On 2020/10/14 下午2:52, Michael S. Tsirkin wrote:
> On Tue, Oct 13, 2020 at 04:42:59PM -0700, si-wei liu wrote:
>> On 10/9/2020 7:27 PM, Jason Wang wrote:
>>> On 2020/10/3 下午1:02, Si-Wei Liu wrote:
>>>> Pinned pages are not properly accounted particularly when
>>>> mapping error occurs on IOTLB update. Clean up dangling
>>>> pinned pages for the error path. As the inflight pinned
>>>> pages, specifically for memory region that strides across
>>>> multiple chunks, would need more than one free page for
>>>> book keeping and accounting. For simplicity, pin pages
>>>> for all memory in the IOVA range in one go rather than
>>>> have multiple pin_user_pages calls to make up the entire
>>>> region.

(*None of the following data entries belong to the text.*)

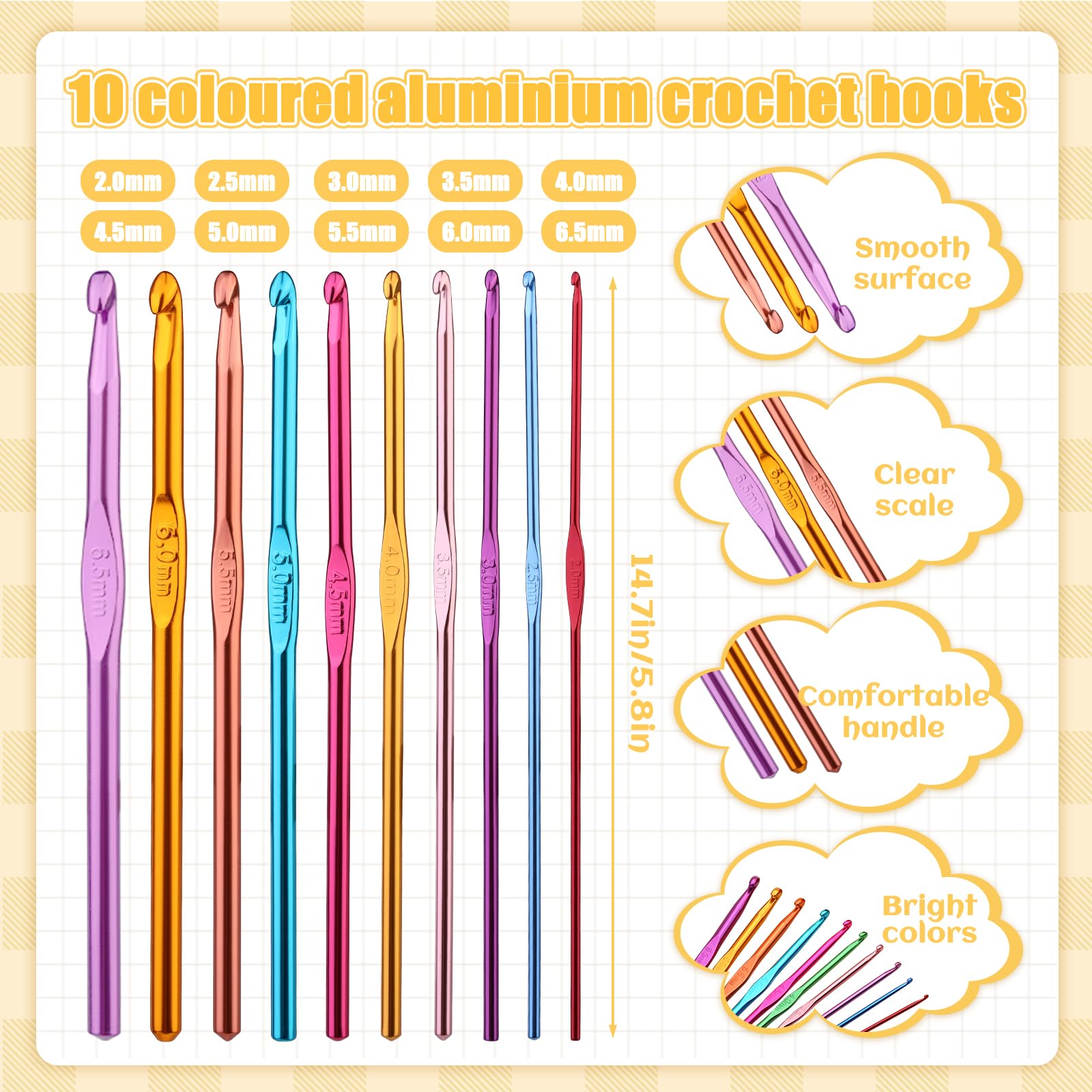 • Smooth Crochet Hooks Complete Set: Smooth Crochet Hooks glide effortlessly, produce clean finish projects, and avoid snagging splitting yarns. A complete crochet set can meet your different demands in crocheting.
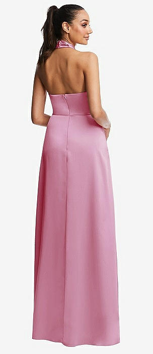 Scarf Tie High-Neck Halter Maxi Slip Dress in powder pink
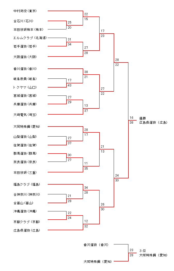 <第52回国民体育大会(なみはや国体) 成年男子トーナメント勝敗表>
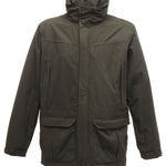 Waterproof and breathable Isotex 5000 coated polyester twill microfiber. Part mesh part polyester taffeta lined. Taped seams. Interactive Concealed hood with adjuster. Studded double stormflap. Adjustable cuffs. Internal map pocket. 2 zipped chest pockets. 2 lower patch pockets with side hand warmer entry. Internal mobile phone pocket. Adjustable shock cord waist and hem system. Internal zipped embroidery access.
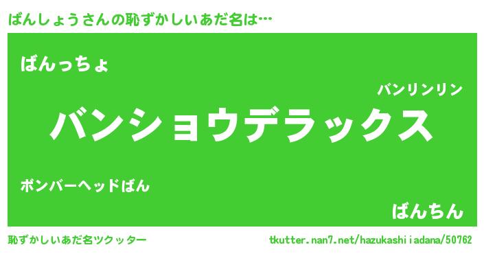 | 意味不明あだ名 | 『自称ばんしょう』『永久保存ばんしょう』 |
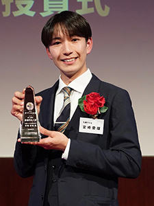 のびやかでハリのある声と、ナレーションの表現力が高く評価されました。中継でみせるゲストとの距離感、相手の懐にスッと入り込み自然な表情を引き出す技術も素晴らしく、特に、子どもへのインタビューの仕方は、「全アナウンサーのお手本」という声も上がりました。自然体で、自らの言葉で伝える力を持つアナウンサーとして、最優秀新人賞に選ばれました。
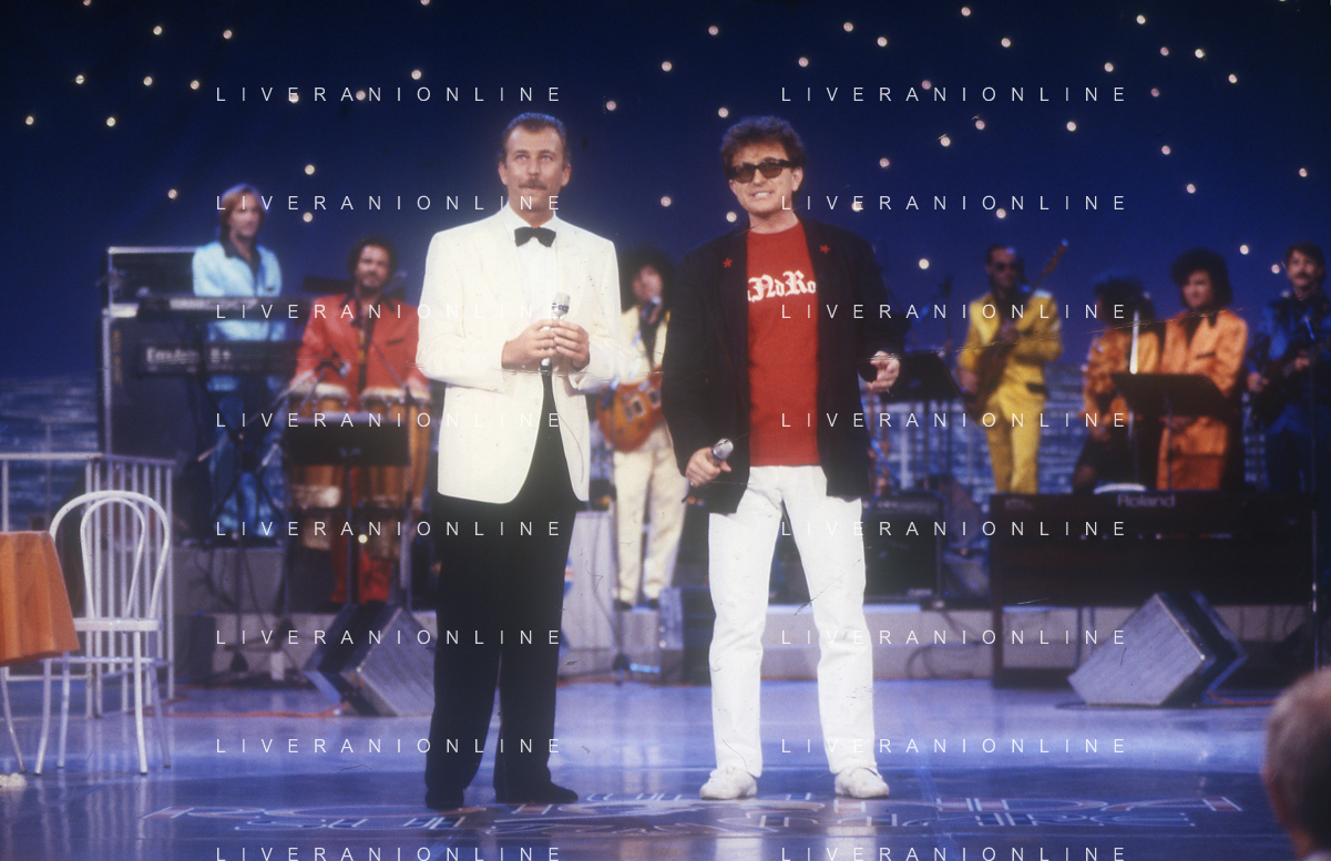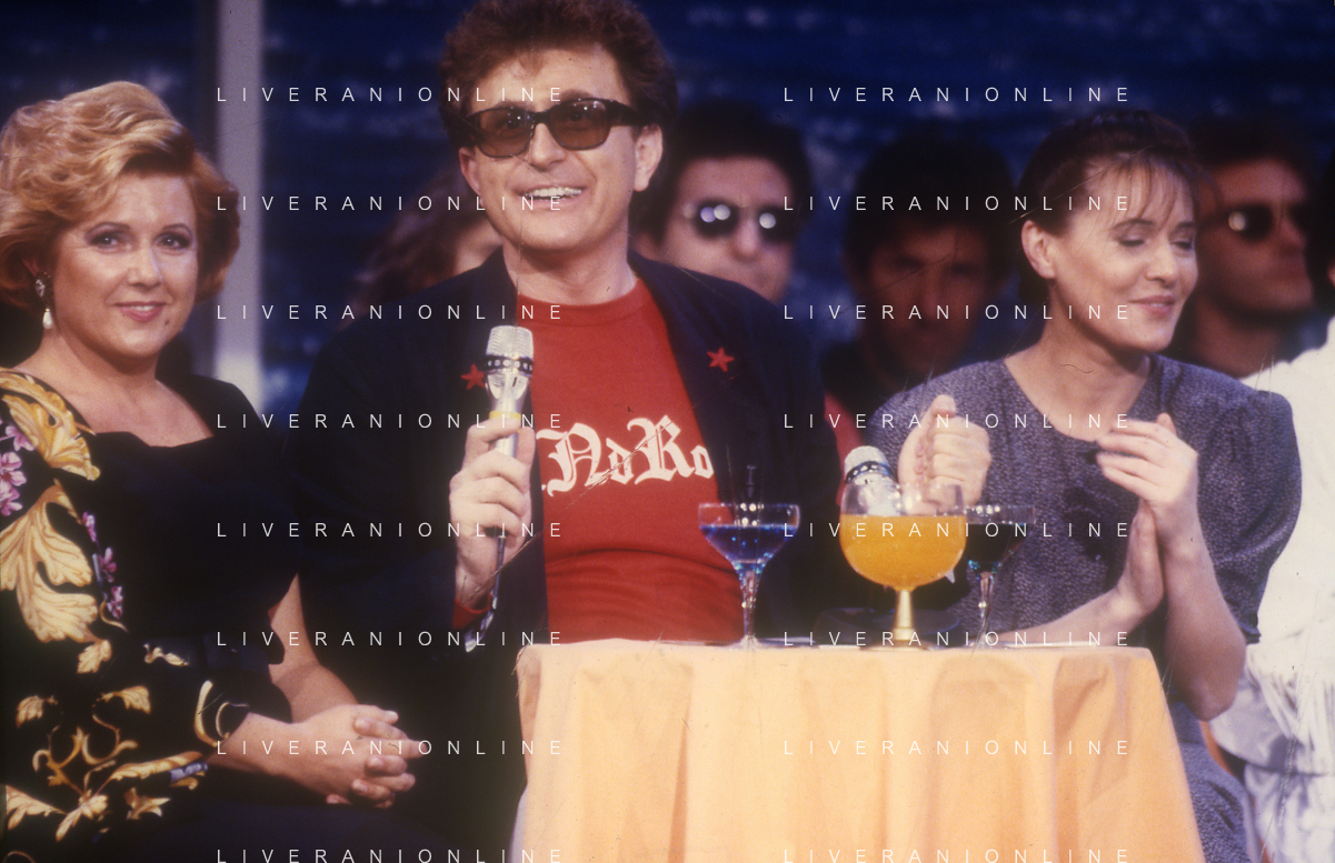 DIAP-RETROSPETTIVA RED RONNIE PSEUDONIMO GABRIELE ANSALONI-CRITICO MUSICALE GIORNATISTA PRESENTATORE TELEVISIVO E CONDUTTORE RADIOFONICO NELLA FOTO RED RONNIE CON ORIETTA BERTI NELL'ANNO 1989 A MILANO “ROTONDA SUL MARE“ AG ALDO LIVERANI SAS

This way it's easier to track and account the
>>>> pages already mapped, particularly for clean-up in the
>>>> error path.
>>>>
>>>> Fixes: 4c8cf31885f6 ("vhost: introduce vDPA-based backend")
>>>> Signed-off-by: Si-Wei Liu<si-wei.liu@oracle.com>
>>>> ---
>>>> Changes in v3:
>>>> - Factor out vhost_vdpa_map() change to a separate patch
>>>>
>>>> Changes in v2:
>>>> - Fix incorrect target SHA1 referenced
>>>>
>>>>    drivers/vhost/vdpa.c | 119
>>>> ++++++++++++++++++++++++++++++---------------------
>>>>    1 file changed, 71 insertions(+), 48 deletions(-)
>>>>
>>>> diff --git a/drivers/vhost/vdpa.c b/drivers/vhost/vdpa.c
>>>> index 0f27919..dad41dae 100644
>>>> --- a/drivers/vhost/vdpa.c
>>>> +++ b/drivers/vhost/vdpa.c
>>>> @@ -595,21 +595,19 @@ static int
>>>> vhost_vdpa_process_iotlb_update(struct vhost_vdpa *v,
>>>>        struct vhost_dev *dev = &v->vdev;
>>>>        struct vhost_iotlb *iotlb = dev->iotlb;
>>>>        struct page **page_list;
>>>> -    unsigned long list_size = PAGE_SIZE / sizeof(struct page *);
>>>> +    struct vm_area_struct **vmas;
>>>>        unsigned int gup_flags = FOLL_LONGTERM;
>>>> -    unsigned long npages, cur_base, map_pfn, last_pfn = 0;
>>>> -    unsigned long locked, lock_limit, pinned, i;
>>>> +    unsigned long map_pfn, last_pfn = 0;
>>>> +    unsigned long npages, lock_limit;
>>>> +    unsigned long i, nmap = 0;
>>>>        u64 iova = msg->iova;
>>>> +    long pinned;
>>>>        int ret = 0;
>>>>          if (vhost_iotlb_itree_first(iotlb, msg->iova,
>>>>                        msg->iova + msg->size - 1))
>>>>            return -EEXIST;
>>>>    -    page_list = (struct page **) __get_free_page(GFP_KERNEL);
>>>> -    if (!page_list)
>>>> -        return -ENOMEM;
>>>> -
>>>>        if (msg->perm & VHOST_ACCESS_WO)
>>>>            gup_flags |= FOLL_WRITE;
>>>>    @@ -617,61 +615,86 @@ static int
>>>> vhost_vdpa_process_iotlb_update(struct vhost_vdpa *v,
>>>>        if (!npages)
>>>>            return -EINVAL;
>>>>    +    page_list = kvmalloc_array(npages, sizeof(struct page *),
>>>> GFP_KERNEL);
>>>> +    vmas = kvmalloc_array(npages, sizeof(struct vm_area_struct *),
>>>> +                  GFP_KERNEL);
>>> This will result high order memory allocation which was what the code
>>> tried to avoid originally.
>>>
>>> Using an unlimited size will cause a lot of side effects consider VM or
>>> userspace may try to pin several TB of memory.
>> Hmmm, that's a good point. Indeed, if the guest memory demand is huge or the
>> host system is running short of free pages, kvmalloc will be problematic and
>> less efficient than the __get_free_page implementation.
> OK so ... Jason, what's the plan?
>
> How about you send a patchset with
> 1. revert this change
> 2. fix error handling leak

Work for me, but it looks like siwei want to do this.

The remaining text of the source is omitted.